So at doses at or above 100 MPK BID, you're seeing very good tumor growth regression. And that correlates with the PK and PD profile as well. These are different G12D and V models where doses as low as 30 MPK BID in the more sensitive models is showing very good tumor regression with no body weight change. And then this is that infamous bellwether model, the H727. Fortunately, this pan-KRAS molecule is able to show tumor regression, albeit we had to crank up doses to 300 BID. But we did see regression. And so that's good that even in the most intractable in vivo model, you're still seeing regression. And then this is a G12D PDAC model called HPAC, where you're seeing very good tumor regression at fairly low doses of 50 MPK. Now, I showed you that experiment with 15 where you combine with a checkpoint inhibitor.

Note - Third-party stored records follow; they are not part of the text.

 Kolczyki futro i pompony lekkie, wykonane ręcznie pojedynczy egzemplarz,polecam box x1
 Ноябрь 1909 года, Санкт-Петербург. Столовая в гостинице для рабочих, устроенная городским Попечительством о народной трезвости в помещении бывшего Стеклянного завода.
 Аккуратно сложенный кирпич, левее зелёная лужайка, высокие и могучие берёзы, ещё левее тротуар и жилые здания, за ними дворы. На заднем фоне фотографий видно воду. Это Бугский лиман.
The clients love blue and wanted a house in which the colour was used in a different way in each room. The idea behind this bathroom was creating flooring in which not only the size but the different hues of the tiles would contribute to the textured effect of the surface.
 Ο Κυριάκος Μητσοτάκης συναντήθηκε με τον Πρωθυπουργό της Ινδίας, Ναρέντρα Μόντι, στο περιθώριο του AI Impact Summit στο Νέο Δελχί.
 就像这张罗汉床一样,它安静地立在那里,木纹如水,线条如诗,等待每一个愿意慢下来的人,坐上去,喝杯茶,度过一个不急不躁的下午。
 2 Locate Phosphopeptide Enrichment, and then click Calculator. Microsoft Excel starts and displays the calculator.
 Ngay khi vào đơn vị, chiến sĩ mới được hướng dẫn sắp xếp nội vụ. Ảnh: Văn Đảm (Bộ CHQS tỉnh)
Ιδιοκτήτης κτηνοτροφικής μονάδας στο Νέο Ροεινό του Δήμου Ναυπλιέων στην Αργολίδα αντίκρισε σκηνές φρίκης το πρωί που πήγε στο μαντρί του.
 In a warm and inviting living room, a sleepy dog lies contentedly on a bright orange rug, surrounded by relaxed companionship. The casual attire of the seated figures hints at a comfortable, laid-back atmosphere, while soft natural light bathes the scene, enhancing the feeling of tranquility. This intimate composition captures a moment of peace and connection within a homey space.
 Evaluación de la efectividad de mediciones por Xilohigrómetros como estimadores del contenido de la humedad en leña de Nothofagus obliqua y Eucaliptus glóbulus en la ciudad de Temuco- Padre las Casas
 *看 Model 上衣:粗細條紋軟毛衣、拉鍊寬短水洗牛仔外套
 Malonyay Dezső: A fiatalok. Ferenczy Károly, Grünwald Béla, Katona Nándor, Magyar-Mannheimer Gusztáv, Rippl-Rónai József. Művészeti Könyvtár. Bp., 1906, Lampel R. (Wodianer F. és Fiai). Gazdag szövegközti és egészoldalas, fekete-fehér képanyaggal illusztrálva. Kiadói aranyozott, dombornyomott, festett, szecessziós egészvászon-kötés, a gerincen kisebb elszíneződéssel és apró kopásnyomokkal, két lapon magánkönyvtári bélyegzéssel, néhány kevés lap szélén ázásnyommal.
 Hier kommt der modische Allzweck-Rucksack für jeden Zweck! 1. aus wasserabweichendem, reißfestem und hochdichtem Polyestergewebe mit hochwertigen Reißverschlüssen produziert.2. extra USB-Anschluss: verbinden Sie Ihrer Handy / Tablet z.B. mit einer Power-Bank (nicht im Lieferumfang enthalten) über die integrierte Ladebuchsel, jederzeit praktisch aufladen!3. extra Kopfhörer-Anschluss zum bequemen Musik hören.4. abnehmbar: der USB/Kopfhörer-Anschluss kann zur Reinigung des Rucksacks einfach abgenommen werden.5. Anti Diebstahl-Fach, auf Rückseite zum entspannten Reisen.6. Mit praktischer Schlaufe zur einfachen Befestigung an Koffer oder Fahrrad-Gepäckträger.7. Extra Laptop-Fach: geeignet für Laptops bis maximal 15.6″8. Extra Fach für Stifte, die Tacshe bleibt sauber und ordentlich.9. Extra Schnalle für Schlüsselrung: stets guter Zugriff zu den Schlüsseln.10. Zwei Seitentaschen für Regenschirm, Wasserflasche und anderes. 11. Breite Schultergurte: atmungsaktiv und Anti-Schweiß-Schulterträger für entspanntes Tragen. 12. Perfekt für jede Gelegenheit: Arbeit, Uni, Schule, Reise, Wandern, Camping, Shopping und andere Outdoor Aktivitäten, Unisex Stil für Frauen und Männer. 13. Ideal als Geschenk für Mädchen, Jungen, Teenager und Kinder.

The same experiment was conducted with this molecule. So we actually are really excited about the combinability for pan-KRAS, especially as you think about other agents that might induce rash, such as the EGFR antibodies, for instance. That'll be really important to be able to combine with those for colorectal cancer. In this case, for lung cancer, you're seeing similar story, just complete eradication of the tumor in seven out of seven mice tested. And then on KPC re-challenge, you're seeing persistently eradicated tumor. So you've primed the immune system with the doublet. In terms of PK and oral bioavailability, it looks promising for this molecule with double-digit % F across multiple species tested. And then on the ADME toxicology properties, the CYP profile looks very good. GLP Ames was negative. One yellow flag that we had when we first brought in this program was the hERG properties.
It was just hovering at around one micromolar, so that necessitated an in vivo study, so you run what's called a GLP dog cardiovascular study. Really pleased to say that we ran that, and there was no observed QTc prolongation, and so that tends to be a better litmus test of what you might expect in the clinic. Doesn't mean we're not going to do cardiac monitoring. We do cardiac monitoring for all of our molecules in the clinic, but it means that the risk of a cardiovascular liability is substantially lower based on the dog CV study. And then we also did repeat those studies in rat and dog, and both of those are complete in terms of the in-life portion. And we're just filing reports now.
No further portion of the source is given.